In the author’s note that opens The Confessions of Frannie Langton, Sara Collins remembers reading books like Wuthering Heights and Jane Eyre on the small Caribbean island where she grew up and asking the questions: “Why couldn’t a Jamaican former slave be the star of her own gothic romance? Why couldn’t she be complicated, ambiguous, complex? Why had no one like that ever had a love story like those?’ Frannie Langton is Collins’ attempt to redress the balance and give that Jamaican former slave her very own story in which to star.
The novel opens in 1826 with Frannie – or the ‘Mulatta Murderess’, as she has become known – awaiting trial at London’s Old Bailey for the murders of her employers, George and Marguerite Benham. Frannie, who had been a maid in the Benham household, had been found lying in bed, covered in blood, beside Marguerite’s dead body. She has no idea how she came to be there and is sure she couldn’t possibly have killed her beloved mistress, yet all the evidence suggests that she is guilty. While she waits for her fate to be decided, Frannie looks back on her life and recalls the sequence of events that have led her to this point.
Frannie remembers her childhood, growing up on the Langtons’ sugar plantation in Jamaica (ironically called ‘Paradise’) and describes the circumstances that meant she received an education that would usually be denied to a slave. Later, when Mr Langton returns to England, he takes Frannie with him and she looks forward to new experiences and new opportunities. On their arrival in London, however, she is handed over to the Benhams to become a servant in their home and finds that life is not much better here than it was on the plantation. The one bright spot in her life is her relationship with ‘Madame’ (Mrs Benham), but as we already know from the opening chapter of the book, that relationship will end in tragedy.
The Confessions of Frannie Langton is Sara Collins’ first novel and I’m sure it’s going to be a big success for her. It has been given a beautiful front cover, which stands out even amongst the many other beautiful covers that are around at the moment and the book has already been getting lots of very positive reviews since its publication last week. I didn’t love it as much as most other people seem to have done, but that’s probably because it wasn’t really what I’d expected. I thought the crime element would have been a more important part of the story, but the murder and the trial are confined mainly to the final few chapters, and I’m not sure I would agree with the description of the book as a gothic novel either, although I suppose it would depend on what you consider gothic to mean.
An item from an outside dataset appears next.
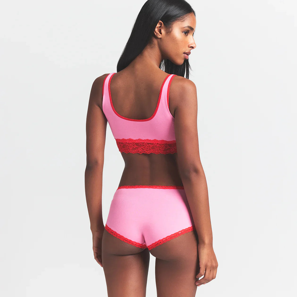 SKIMS LIGHTWEIGHT COTTON LACE BOY SHORT | CARNATION CONTRAST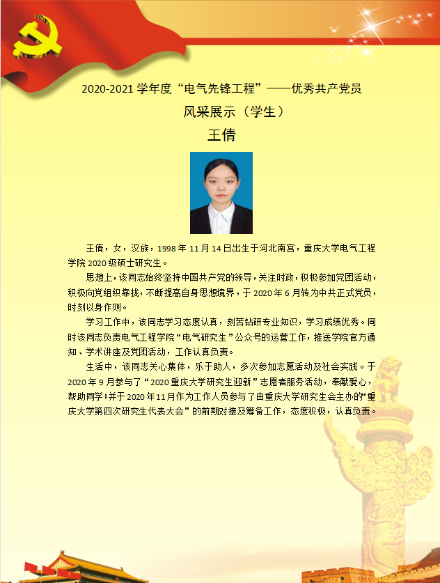 【党员风采】电力电子与电力传动硕士生一支部王倩

I did find Frannie an interesting and engaging heroine with a strong narrative voice and although there were some parts of her story that I felt I’d read many times before (bearing in mind that I do read a lot of historical novels set in the 19th century), Frannie’s background and unusual circumstances mean that we are seeing things from a slightly different angle. Having one white parent and one black, Frannie never really fits in with the other slaves on the plantation – especially when she is given an education and an enviable position as house slave – but she knows she will never be accepted by most white people either. As you can imagine, she experiences a lot of cruelty and prejudice in her life and this is quite a sad story at times – and also quite disturbing, particularly the descriptions of the ‘scientific experiments’ and research carried out by Frannie’s two masters, Langton and Benham.
Sara Collins writes beautifully and I was struck by sentences like “A man writes to separate himself from the common history. A woman writes to try to join it…” and “A good scientist merely searches for the answer to the question posed, but the one whose name history will record reaches for the questions no one has even thought to ask”. And of course, as a fellow book lover, I appreciated Frannie’s love of literature and her determination to read all the books she could get her hands on. But was Frannie really responsible for the deaths of George and Marguerite Benham? You will need to read her confessions to find out…
Thanks to Penguin/Viking Books for providing a review copy of The Confessions of Frannie Langton and for inviting me to take part in their blog tour.